Supplied information:

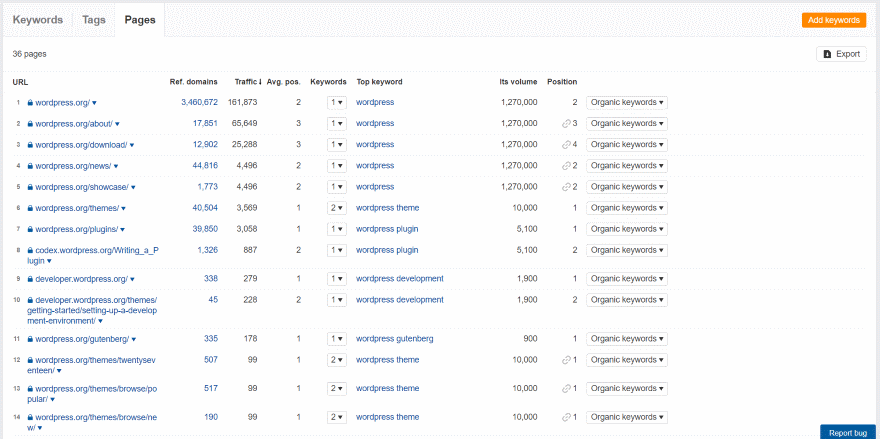 You can also see tags and pages. Here’s the list of pages that rank for the keywords I tracked. It provides the number of referring domains, traffic, average position, number of keywords, top keyword, volume, and position.
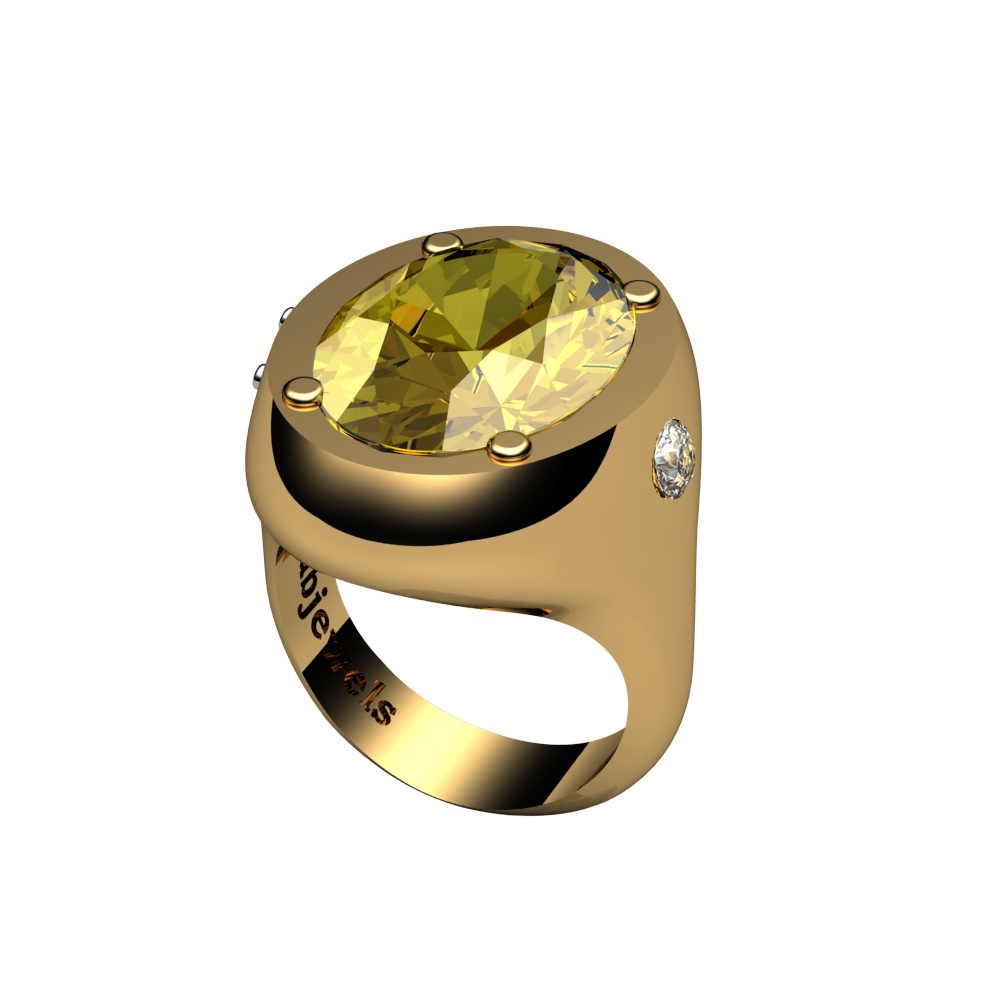 Eνα βαρύ και επιβλιτικό δαχτυλίδι βάρους 20+ γραμμ 14Κ με μέγεθος κέντρικού λίθου 12μμ Χ 18μμ – Μπριγιάν 2 Χ 0,17 (F/VVS)
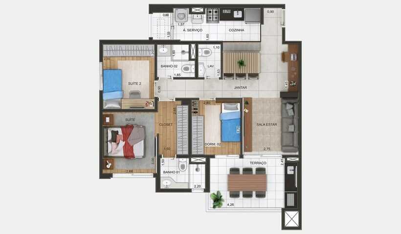 - Área Total: 88 m²
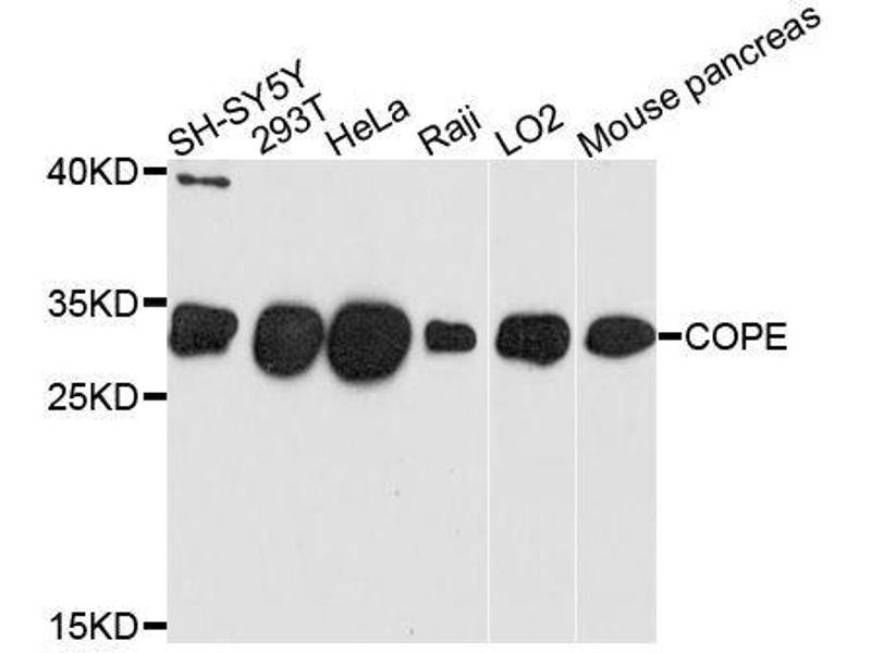 This Rabbit Polyclonal antibody specifically detects COPE in WB. It exhibits reactivity toward Human.

What the task asks:
Exactly the lines from the line with "- Área Total: 88 m²" through the end of the data are to be reproduced, and no picture is to be included.

Your response:
 - Área Total: 88 m²
 This Rabbit Polyclonal antibody specifically detects COPE in WB. It exhibits reactivity toward Human.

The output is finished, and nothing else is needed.